Feb 03, 2004 22:45
Last week i found a lump in my neck. I figured it was a swollen gland, and therefore nothing to worry about, but every since i have had this I have had a horrible headache. My mother encouraged me to go to the Dr. and so I did. he wanted me to get an MRI immediately, he said that it probably was a swollen gland, but that something was making it swollen. So i was terrified. Afraid that this MRI was going to turn out to be a malignant tumor or something of that nature. But my mother in her expert opinion has decided that I dont need an MRI. You know I spent several years having horrid dizziness, and fainting spells, and it took untill now to find out that I am hypoglycemic. Any longer of a wait and I probably would be diabetic. This is how my mother works, until it affects her in some personal way(my fainting in public, and having a principal call her) she doesnt take anything seriously. What if this little bump is more than just a swollen gland, what if it is a blood clot in a major artery? What if it is a build-up of fluid? What if the headaches are becuase this lump is creating pressure on nerves? Finally, and worst of all, what if this is a tumor? I am worried, and now I wont even get to know what it is. So I will continue to worry about something that may not be anything at all, because I dont get to know what it actually is, and my mind is great at making things worse than they really are.

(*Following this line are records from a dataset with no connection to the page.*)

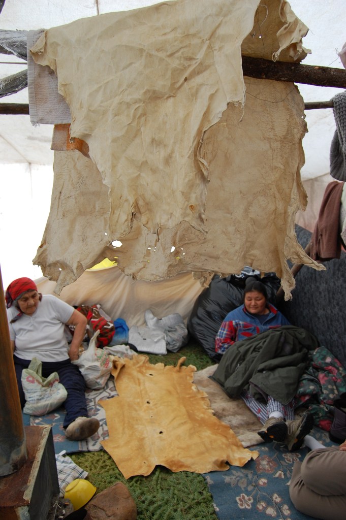 In the past, the Innu constructed long rectangular tents from Caribou hides that were carried with them during the hunt. Today the Innu tents are made of heavy canvas with a small woodburning stove in the centre that is used for cooking as well as warmth. The floor is made of soft spruce boughs. The images below are taken from Philomena (Testu) Pokues’s tent in Sheshatshiu 2011 where she was making Innu doughnuts on the woodstove.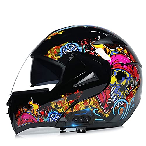 Casco Moto Integrale Leggero Per Donna Casco Moto Modulare Bluetooth Integrato Casco Bici Da Strada Omologato ECE/DOT Per Donna Casco Moto Ciclomotore Con Doppia Visiera Black Skull A,M
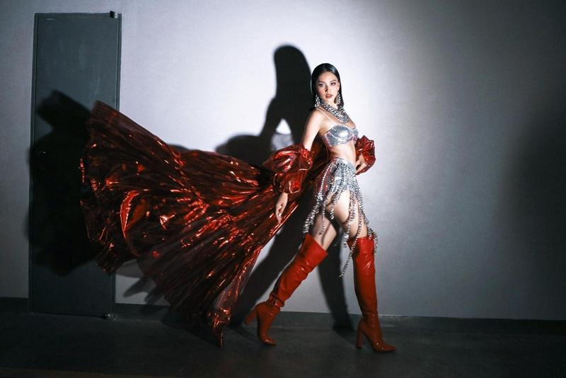 Trên trang cá nhân của mình mới đây, Tiểu Vy tung loạt ảnh studio của bộ trang phục mà cô diễn trong đêm concert Rap Việt, kèm lời cảm ơn tới NTK Hà Nhật Tiến và toàn bộ ê-kíp chương trình.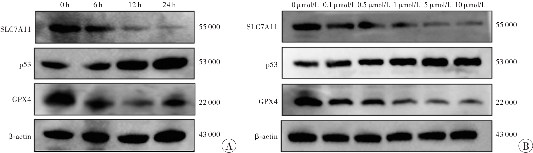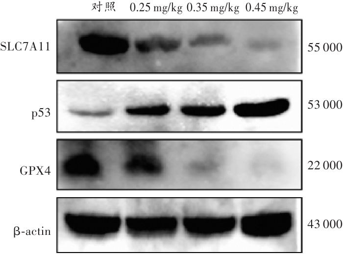 目的 通过检测α-鹅膏毒肽暴露后小鼠肝组织铁沉积,小鼠肝细胞和L-02细胞氧化应激指标及铁死亡相关蛋白的表达,探究铁死亡是否参与α-鹅膏毒肽诱导的肝细胞损伤。 方法 建立α-鹅膏毒肽C57BL/6J小鼠中毒模型和L-02细胞染毒模型,采用Lillie二价铁染色、普鲁士蓝染色检测铁沉积情况,试剂盒检测超氧化物歧化酶(superoxide dismutase,SOD)、过氧化氢酶(catalase,CAT)、丙二醛(malondialdehyde,MDA)、谷胱甘肽(glutathione,GSH)水平,蛋白质印迹法分析p53、溶质载体家族7成员11(solute carrier family 7 member 11,SLC7A11)、谷胱甘肽过氧化物酶4(glutathione peroxidase 4,GPX4)的表达。 结果 相较于对照组,α-鹅膏毒肽暴露后,小鼠肝组织中二价铁(Fe²⁺)和三价铁(Fe³⁺)阳性细胞率均升高(P<0.05),中(0.35 mg/kg)、高(0.45 mg/kg)剂量组肝组织及1 μmol/L α-鹅膏毒肽处理的L-02细胞中GSH水平降低、MDA水平升高,SOD和CAT活性下降(P<0.05)。此外,α-鹅膏毒肽呈浓度和时间依赖性上调p53表达,并抑制SLC7A11和GPX4的表达。 结论 铁死亡在α-鹅膏毒肽诱导的肝细胞损伤机制中发挥作用,铁死亡相关指标的异常可为α-鹅膏毒肽中毒的法医学鉴定提供参考。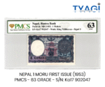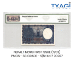 NEPAL 1 MOHRU FIRST ISSUE (1953) – PMCS 63 GRADE – S/N Ka17 902047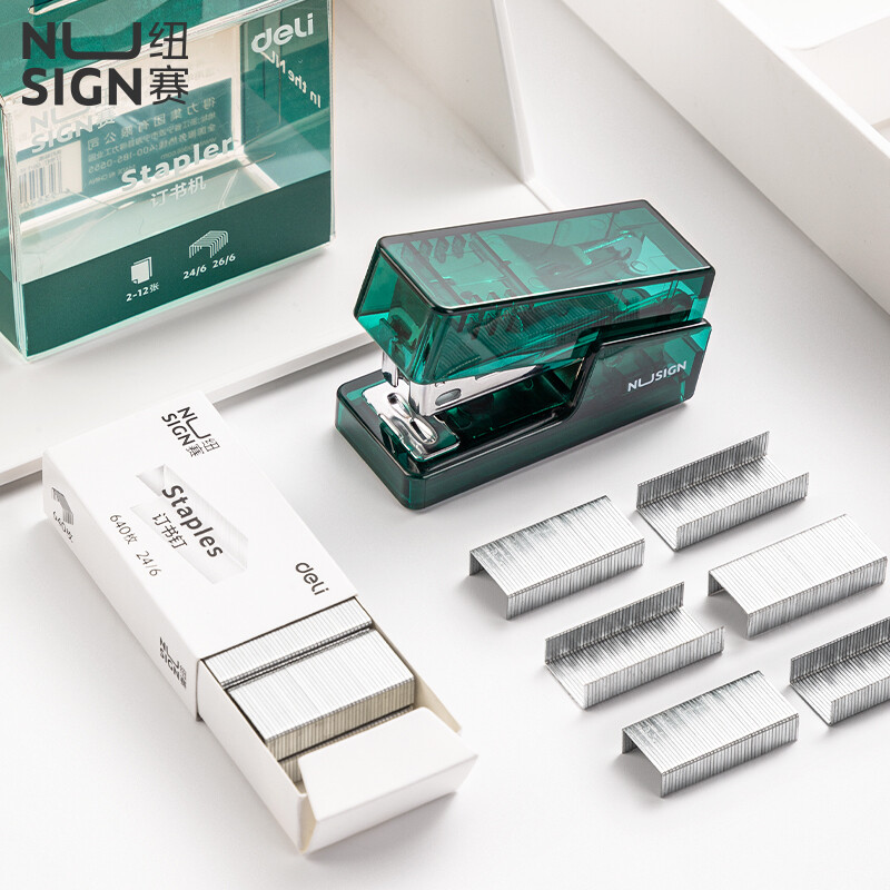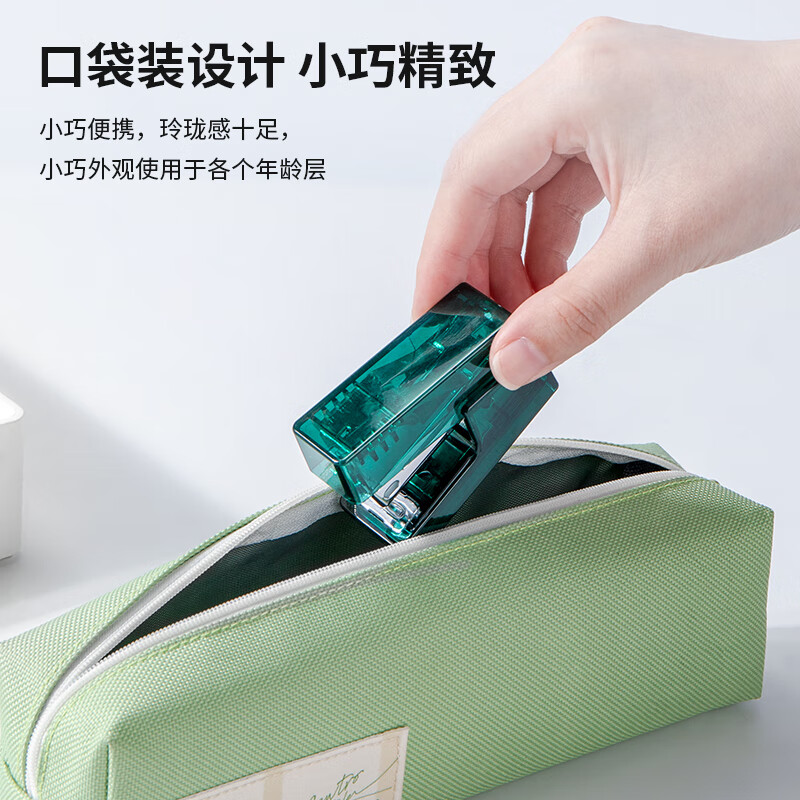 得力纽赛 透明迷你订书机NS083F(订书器+订书钉)透明绿

I read one of those email surveys that a friend sent me. You know, those ones that are rather annoying because it requires answering questions that have no real barring on life, like "Vanilla or Chocolate" what does that have to do with anything? What upset me is that this person, whom i used to be good friends with has changed so much, and has apparently found new and better friends. What made me realize this is the question about favorite drink. She used to keep this question blank because she didnt drink, now she answered it with the gusto of a soreity girl(or rather frat girl cause this is an "academic" frat that she is now in). I have had a couple of friends who have done that. They get "involved" with the greeks on campus and they start to forget their old friends. I told one guy that, he told me now that wouldnt happen, and now there is silence from him(which is ok with me becuase i didnt like him all that much anyway.) Rosie is a different story. We used to be best friends, now i am not worth much of anything to her. I guess she has grown up, although lying to your parents to go and drink at 21 is hardly grown up, and found better friends. That is all that matters to her now, Her fancy new friends. And what upsets me most is not that she has new friends, thats wonderful for her, but that she has changed so much since she met them. It seems almost as though she has felt the need to change to fit in with them. I got dumped as a friend so that she could change who she is to fit in with these punks. Thats just crappy if you ask me. And truthfully I am very hurt by her. This is it her last semester here, and she has completely thrown me out as a friend. She is even doing the "invite, because of obligation, not because you really want the person there." I would much rather her tell me she doesnt like me anymore and get on with things. I hate losing her as a friend, but how do you hold on to someone who so obviously wants to be let go?